Earlier in the week I made a reservation to go underwater with Atlantis Submarines in Georgetown. When the day came for my dive, excitement was quickly replaced with extreme nervousness. I had just driven on the opposite side of the road (and car) for the very first time in my life just days before. To get to Atlantis, I had to drive on the opposite side of the road, by myself with only a screenshot of directions to Georgetown. That's right, no GPS!

Fast forward a bit and I finally made it to Georgetown, although I had missed the submarine's departure time. I was upset, thinking I had just spent money on a missed adventure and frazzled from having gotten lost in an area completely unfamiliar to me and not in my directions. If you're wondering how I eventually found my way all I can say is two words: divine intervention. 

Although I missed my ride in the submarine, I still wanted to find my way to the Atlantis to see if I could reserve a spot on their day dive the following day. As I began walking around I noticed a sign for the Sandon Feat Gallery and decided to go in and see if anyone inside could point me in the right direction. 

I was immediately greeted by two women (LeTher and her coworker) who were working in the gallery that day and told them my situation. I asked LeTher if she could look up some information for me on the gallery's computer. To be honest I was so stressed out at the time, that I wasn't thinking very clearly. So, when they simply suggested that I tell the workers and Atlantis my situation and see if I could reschedule it was like a weight-lifting lightbulb went off in my head. I know, that's one powerful lightbulb! ;) 

I found out that the Atlantis building was just a short walk down the road. With all that taken care of I began to look around the gallery while talking to LeTher. I found out that she is originally from Jamaica and has lived in Cayman for over 14 years. She and her husband have two kids, a son and a daughter. She went to Cosmetology school and even owned her own salon at one point! 
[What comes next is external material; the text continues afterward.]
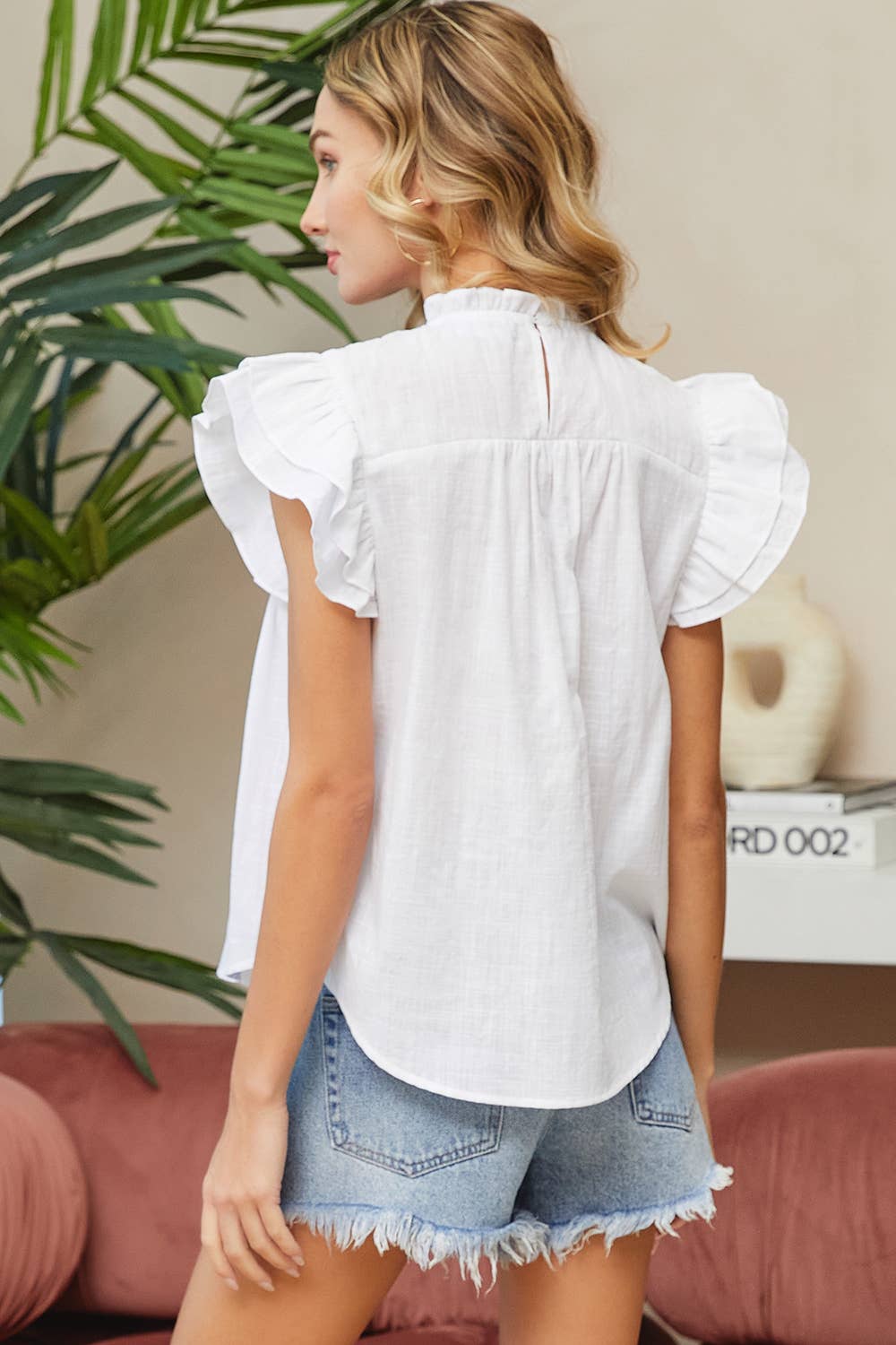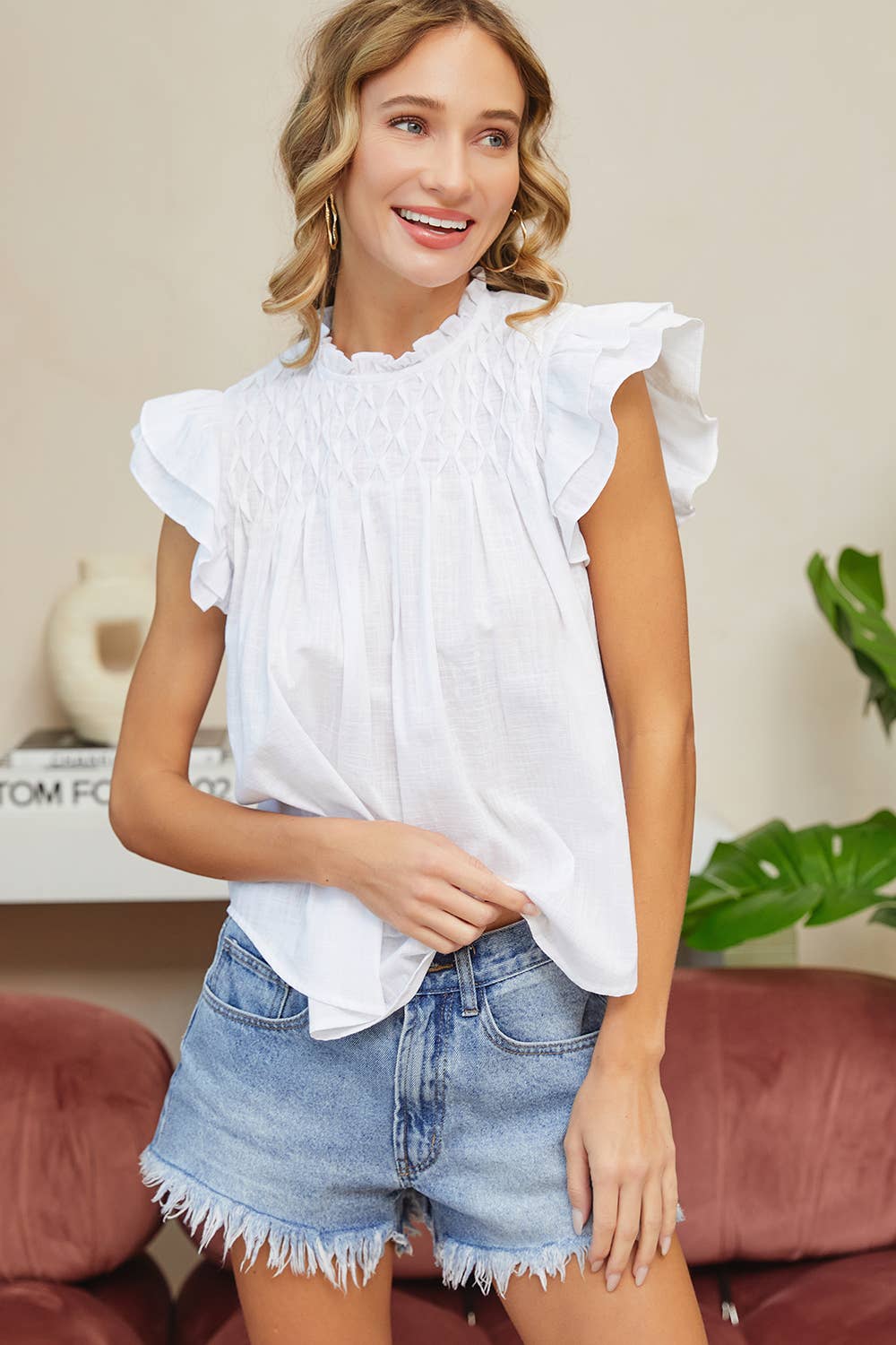 Smoked Ruched Detail at Upper Front. Giving it a Textured Look. Ruffle Sleeves. Open Back Neck with Button Loop. 100% Cotton. Model is Wearing a Small.

Today, LeTher is often hired for her interior decorating skills and specifically loves paintings. It's clear from these interests that she truly appreciates art and has a creative spirit! What better place to live than Cayman where there is so much beauty to be inspired by. Once I introduced myself as a member of the marketing team for Christopher Columbus she even began inquiring ways she could improve her own marketing skills. 

I'm so thankful to LeTher for her Cayman KINDness to me on a stressful day. It just goes to show you that little things you do for others can still make a big difference!